白婧那个时候经常偷偷给一个人打电话,看来苏尔斯的调查方向没有错。
苏尔斯跟孟归说完,又立刻给盛柠樾打电话来,“盛先生,我利用我的人脉查到,白婧女士和盛匀先生的确是大学同学,但是他们之间并无往来。
直到盛匀先生与张婷雪女士的公司步入正轨,白婧才逐渐与盛匀接触得多了些,大概是一次同学聚会联系上的。
当年,盛匀先生的公司出现了问题,经济链断裂,急需一笔钱来解救,白婧便介绍了一个人给他,在中间牵线搭桥,极力推荐盛匀跟那个人一块做投资,是那种高风险高回报的投资,你懂得。
而不久之后,盛匀和张婷雪就遇到了爆炸事件,而在同一天,白婧女士也遇到了爆炸。”
“你说……他们其实是同一天……离世的??”盛柠樾双目圆睁,握着手机的手指有些发麻。
“对,没错,我不知道为什么新闻上提到的时间有所出入,但这不影响我的调查。”
盛柠樾手心冰凉,这一次,他彻底嗅到了阴谋的味道,他不禁想到,上一次在白婧墓碑旁捡到的那枚袖口,那大概就是故事里第四个人的物品吧。
所以,一直坚持去看白婧的那个人,应该也是他。
这个人,到底是谁?
苏尔斯“嗯”了一声,没等到盛柠樾的回应,便自顾自地继续说下去,“很抱歉盛先生,这件事情似乎被有心人掩盖,我能查到的部分还不够全面,也许,真相就在不远的将来。”
“好,谢谢您,那就麻烦您帮我继续调查下去吧。”
盛柠樾挂断电话才发现,天已经彻底黑了下来,晚风有些凉,可身旁路过的人们依旧聊得热火朝天,大汗淋漓,他兀自抱了抱双臂,或许不是风冷,而是他冷。
“盛老师,您是开车来的吗?我们……”方文博捏了捏手中没送出去的戒指,从餐厅走出来。
盛柠樾心事重重,也不打算再跟他客套什么,只微微点头,便想去停车位提车。
方文博刚刚被盛柠樾拒绝之后,还想要接着问些什么时,苏尔斯就来电话了,他有一半的话被噎在心里,但还是想要继续话题。
“你跟我来车上说吧。

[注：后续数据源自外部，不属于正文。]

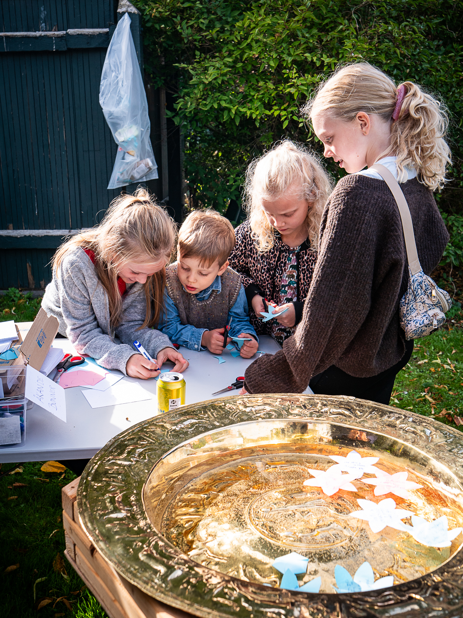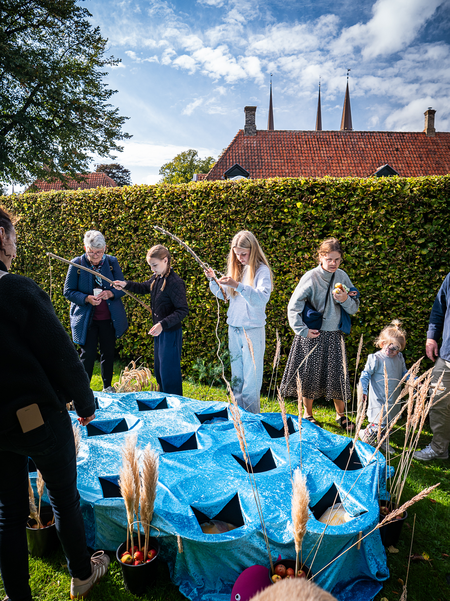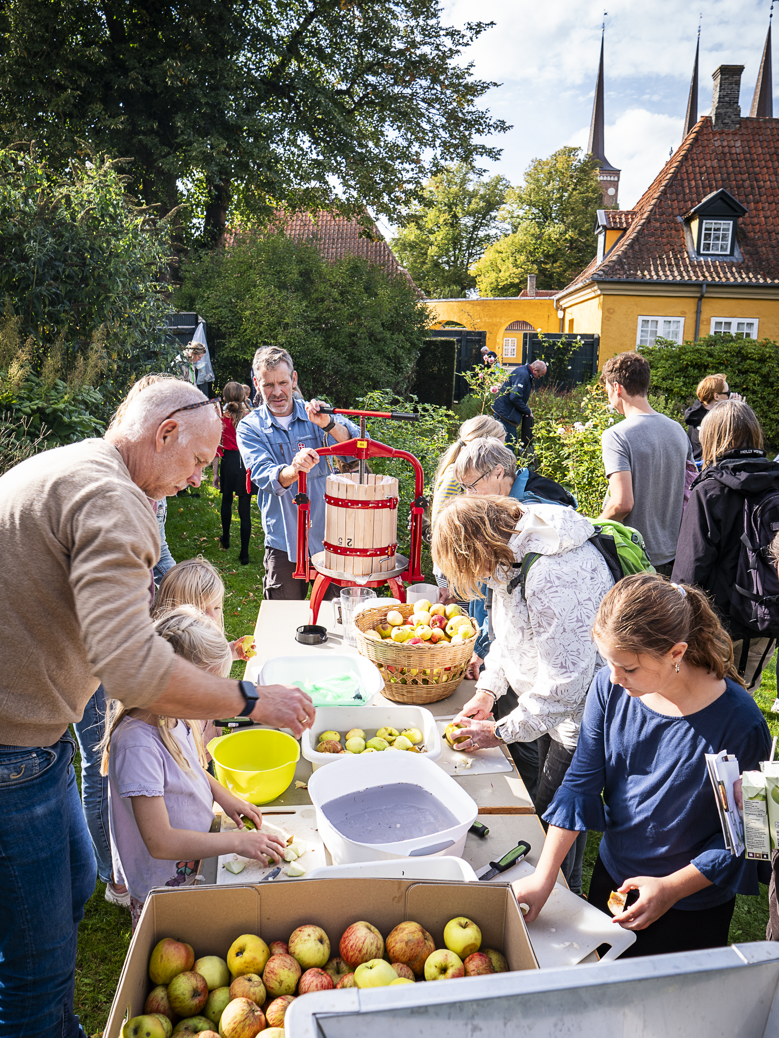 Om eftermiddagen åbnede biskoppens have med aktiviteter for alle aldre. Her blev der bl.a. presset æblemost af frugter fra Slagelse Klosterhave, spist hjemmebagte æblemuffins, fanget fisk og foldet papirsbønner.

”
二人上了车,方文博沉默一会儿,才喃喃问道:“盛老师,我也不是想要纠/缠您什么,我是真的很喜欢您,我能问一问,您……是因为顾影帝才拒绝我的吗?”
“跟他没关系。”盛柠樾摇摇头,“我只是不想碰感情的事了,现在不想,以后也不想。”
他受一次伤就够痛了。
盛柠樾很敏感,敏感到一陷入爱情就会胡思乱想,他讨厌自己这种失去自我的状态,所以,他绝对不想再靠近这些事。
方文博莫名松了口气,或许是年轻人的胜负欲,至少证明他不是被顾司尘比下去了,“我懂了……那如果,如果您从没结过婚,会不会考虑我?”

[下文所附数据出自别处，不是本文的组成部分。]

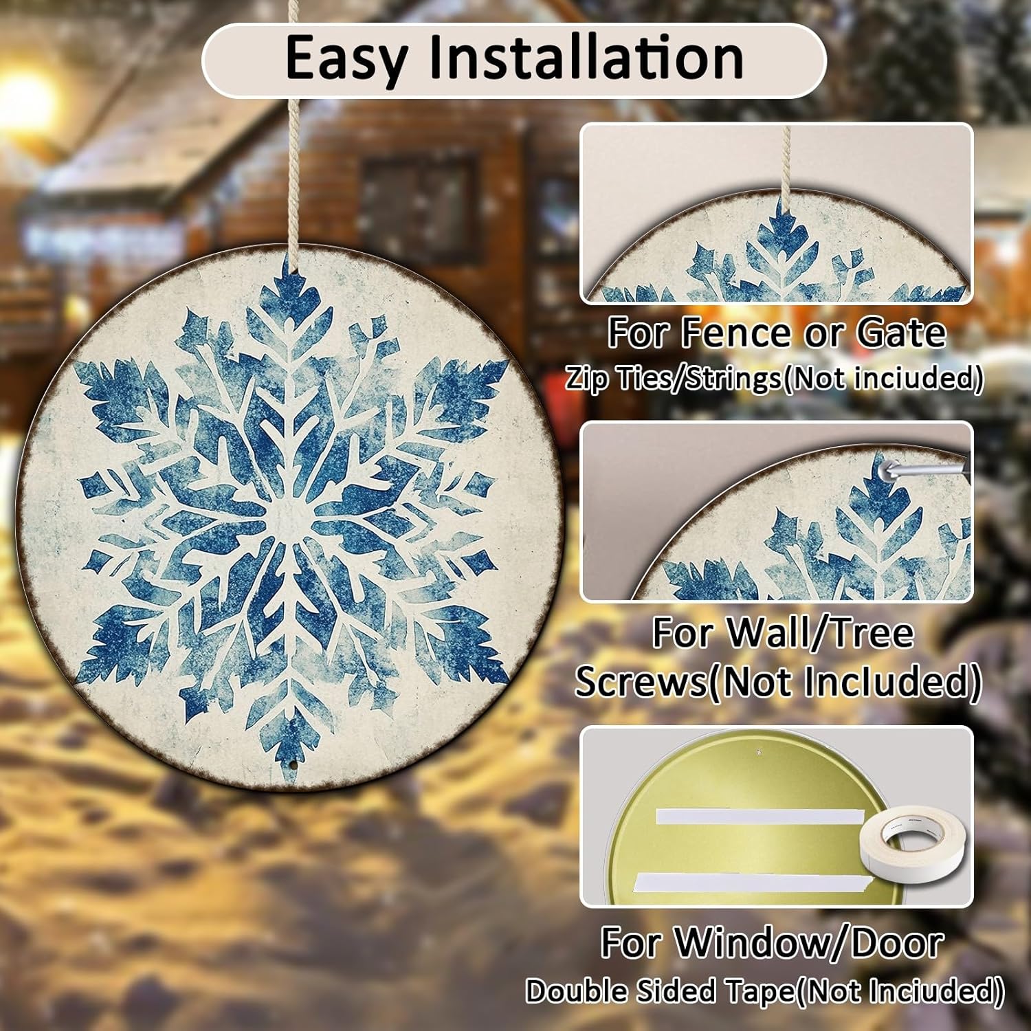 Round Christmas Metal Tin Sign Vintage Snowflake Signs Winter Christmas Sign Retro Wall Decor Tin Sign Funny Decorations for Home Cafes Office Store Pubs Tin Sign 12 * 12 in

毫无意义的假设盛柠樾不想回答,可他潜意识里却有了答案:不会。
他深信不疑,方文博并不是他的菜。
方文博在某种程度上跟他有些相像,两个相像的人,是不会对彼此有任何感觉的,他不知道为什么方文博喜欢他,这本身就让他觉得很奇怪。
最后一句,是方文博下车前留下的,“盛老师,你有想过,自己到底喜欢什么样的人吗?”
什么样的?
顾司尘那样的?
盛柠樾摇摇头,见鬼了,好好的怎么又会想到顾司尘,而且想的都出幻觉了。
盛柠樾把落在窗外的视线收回来,正要发动车子,车窗就被砸得“咚咚”响,男人对着孟归时还一句话都没有,这会儿看到盛柠樾,表情就立刻鲜活起来,“樾樾,樾樾开门。”
“……靠。”
盛柠樾不怎么会讲脏话,一个“靠”已经是极限了,但他是真的惊讶,没想到见到顾司尘不是幻觉,而是对方真的出现了,还只跟他隔着一个车门……
他不耐烦的开了车门,一股呛鼻的酒味就冲了进来,他皱着眉看顾司尘,“你干什么又喝酒?助理要24小时保持清醒你不知道吗?”

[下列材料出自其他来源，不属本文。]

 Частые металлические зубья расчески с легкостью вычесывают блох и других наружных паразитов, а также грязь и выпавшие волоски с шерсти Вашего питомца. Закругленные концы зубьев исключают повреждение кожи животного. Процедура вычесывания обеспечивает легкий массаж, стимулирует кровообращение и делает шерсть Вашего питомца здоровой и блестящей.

“咳咳,是我拉他出来喝的,对不起啊盛先生。”孟归从一边探过头,干笑着回道。
“……”
“上来吧。”盛柠樾开了后座的门,孟归直接把人扶上去,他本想走,可又怕喝多的顾司尘会打扰盛柠樾开车,这才也跟了上来。
盛柠樾发动车子,从后视镜里看了一眼闭着眼的顾司尘,又看一眼孟归,没什么表情地问道:“孟经纪住哪,我先送你。”
“不用不用,我一会儿让小雅过来接,咱们还是先把司尘带回去吧。”
盛柠樾没再说话,一路把车开回了公寓,孟归不敢让盛柠樾扶着顾司尘,就直接跟着上了楼。
进门看到出来迎他们的余鸽,还笑着打了个招呼,“你是余鸽吧?我听司尘提过你。”
余鸽白天被张默心拉着去办了入学手续,因为他有几年没在念书,所以连入学考试都没通过,张默心答应校长,趁着现在没开学,一定好好找个家教给他恶补,校长这才答应再给他一次机会。
张默心说找就找,这会儿,家教刚走不久,他学了整整一天,到现在还迷糊着。
看到孟归问他,才愣愣地点了下头,“您好,我是余鸽。”
孟归就是一句客套,他把顾司尘放到沙发上,也没打算多停留,就直接下楼去了。
余鸽走过来,盯着顾司尘一直看,顾司尘呼吸平稳,似乎已经睡着了,小男孩站了一会儿,看到换了衣服出来的盛柠樾,好奇道:“师父,尘哥哥喝醉了么?”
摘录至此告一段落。